- Task goal:
Beginning with the line that contains "Замешанное тесто надо" and ending with the line that contains "ラブラブオムライスとビーフシチューの献立献立 レシピ日記 〜初めての主婦生活。", reproduce the lines of the entries below exactly, omitting pictures.
Records supplied Start Marker
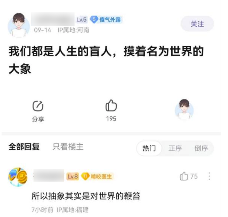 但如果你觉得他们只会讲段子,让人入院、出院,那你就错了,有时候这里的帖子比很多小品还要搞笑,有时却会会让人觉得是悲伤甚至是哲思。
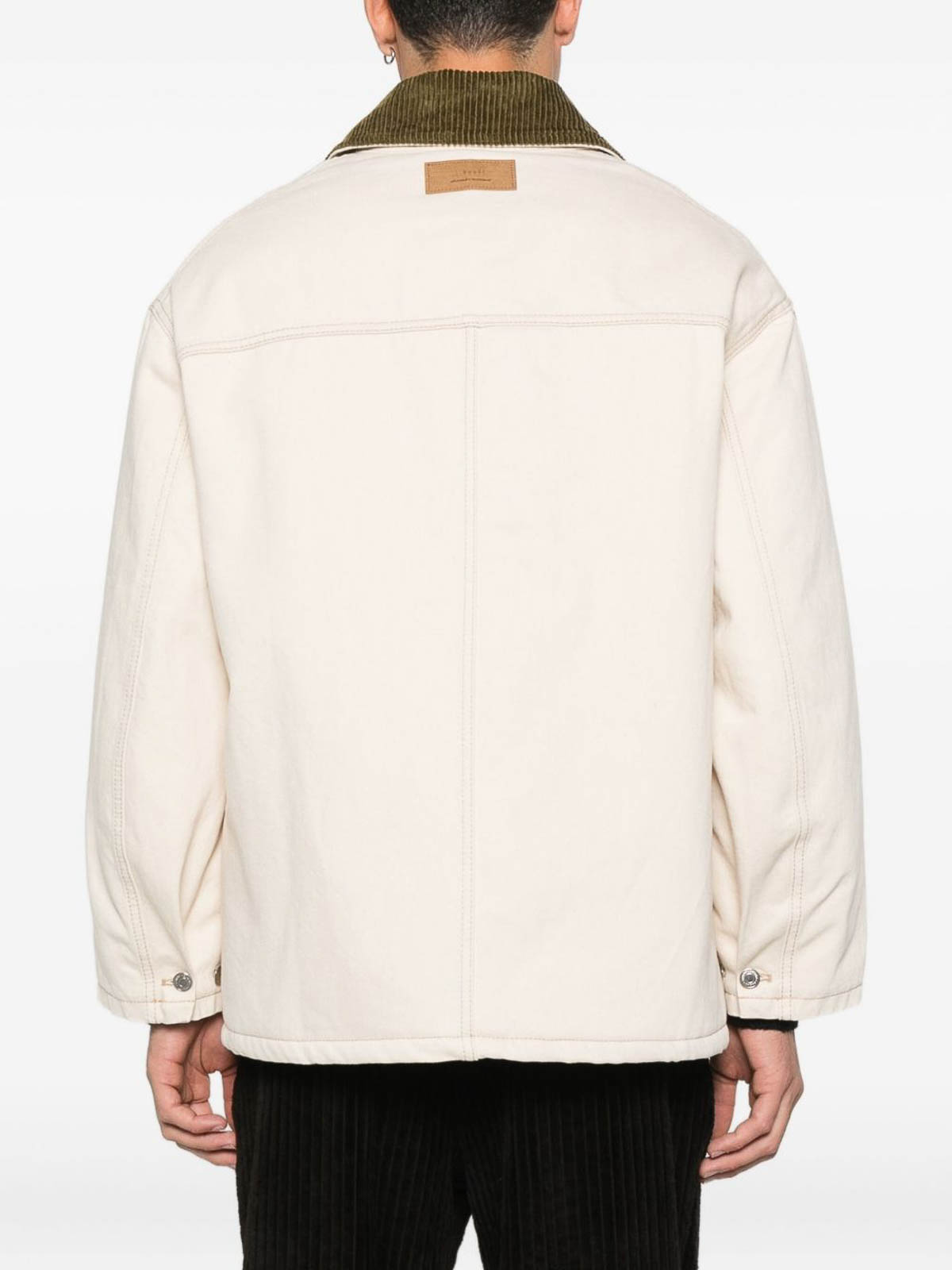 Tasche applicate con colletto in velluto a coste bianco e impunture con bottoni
Records supplied End Marker
Records supplied Start Marker
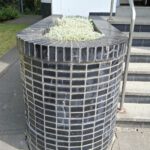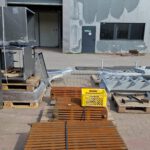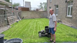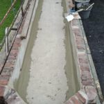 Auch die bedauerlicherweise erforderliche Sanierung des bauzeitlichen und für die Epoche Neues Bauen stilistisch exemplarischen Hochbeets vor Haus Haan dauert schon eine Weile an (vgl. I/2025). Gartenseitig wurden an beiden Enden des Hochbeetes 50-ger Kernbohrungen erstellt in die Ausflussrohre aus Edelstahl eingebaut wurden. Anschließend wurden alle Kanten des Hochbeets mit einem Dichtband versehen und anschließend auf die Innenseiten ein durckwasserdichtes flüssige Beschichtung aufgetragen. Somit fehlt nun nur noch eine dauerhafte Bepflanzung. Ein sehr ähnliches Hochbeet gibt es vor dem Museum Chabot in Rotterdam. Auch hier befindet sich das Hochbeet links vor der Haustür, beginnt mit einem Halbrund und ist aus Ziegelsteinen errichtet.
Records supplied End Marker
Records supplied Start Marker
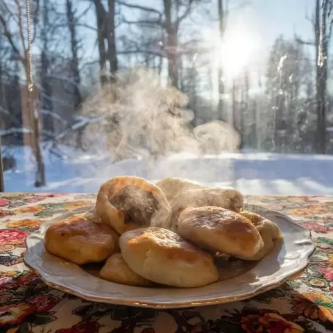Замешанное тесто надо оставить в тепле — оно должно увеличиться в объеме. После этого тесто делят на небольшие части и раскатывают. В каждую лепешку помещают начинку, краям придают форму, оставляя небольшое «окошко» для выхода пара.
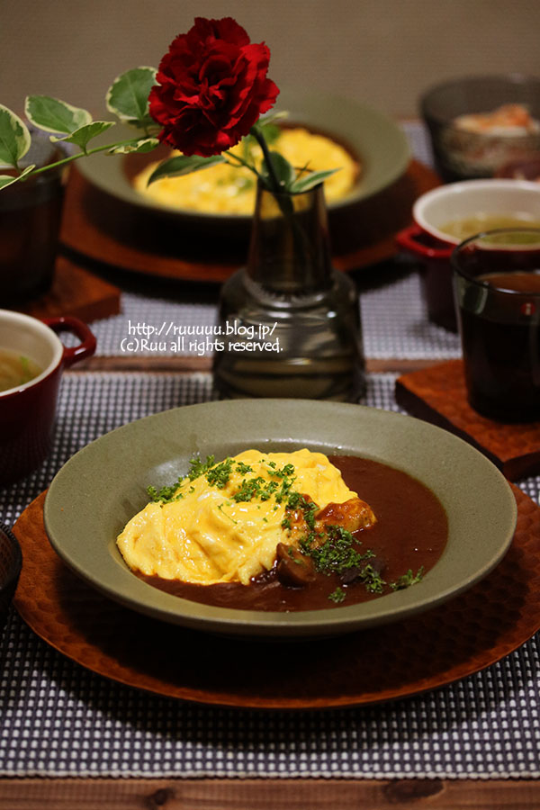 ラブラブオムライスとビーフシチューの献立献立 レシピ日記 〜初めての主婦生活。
Records supplied End Marker
- Answer for the task:
Замешанное тесто надо оставить в тепле — оно должно увеличиться в объеме. После этого тесто делят на небольшие части и раскатывают. В каждую лепешку помещают начинку, краям придают форму, оставляя небольшое «окошко» для выхода пара.
 ラブラブオムライスとビーフシチューの献立献立 レシピ日記 〜初めての主婦生活。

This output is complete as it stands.